All of those things were important to me and I got it through my civic education. And I believe I’m a better person because I believe those things. What disappoints me today about America is that we have a Constitution. We have the Declaration of Independence.
We have so many resources and we have strayed away from the things that have made us a great nation. And I believe that America is destined to fall unless we change course. When I think about nations that rise and fall I think that we are pursuing a path that we are at risk of falling to Russia or China or North Korea.
Or one of those nations. And it is because we are destroying ourselves from within. It is no foreign enemy that’s out there with a gun. We are destroying ourselves by using all the hype around the coronavirus and the hype around racism that we stir up through the media and take everything and racialize it.
And the people that are doing this, a lot of them are Marxists and they want communism. They are working for China. To me, it’s very disturbing what’s taking place right before our eyes. Not everyone can see it. And I’m glad that you are a young person and you can see it. The people that watch your show, they can see it. There are young people that are “woke.” We need everyone. All hands on deck.
Witt: What would you say to close this off and to give advice to young black people in America. What would you tell them?
Swain: Don’t trust what you’ve been told over the decades. What you are being told in school in most cases. I think that they need to dig in deep and get their own information. And not just parrot what other people say. This is for white people too, I find that a lot of young people will come to college and they’ve solved all of the big issues of the day.
They can spout off the politically correct answer to every issue. It’s stuff that they’ve memorized and been indoctrinated with even in middle school. That’s not the truth. They are being manipulated.
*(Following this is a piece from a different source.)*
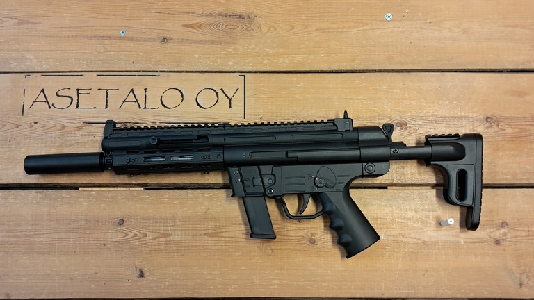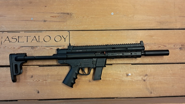 Hyllyssä GSG:n uusi 9mm PCC. Hyllystä löytyy heti myytävää mallia johon on pinnattu piipun jatke (feikkivaimennin), mutta jos haluat pyssyn pinnattuna valitsemallasi suukojeella, ota yhteyttä asetalo@asetalo.fi mitä laitetaan piippuun kiinni. Valmistajan mukaan 25 metrin etäisyydellä 2 cm hajonta, 50 metrillä 4 cm, sadassa metrissä 7 cm.

They should not want to be educated where they only get one side. They should want to allow other people to speak. They should not be shutting down free speech.
And I say to conservative youth as well as liberal youth, get both sides. Get more sides. Sometimes there are three sides. More than two sides. Make sure you are not just listening to one set of voices. You are not being educated. You are not being challenged. You will never find the truth that way.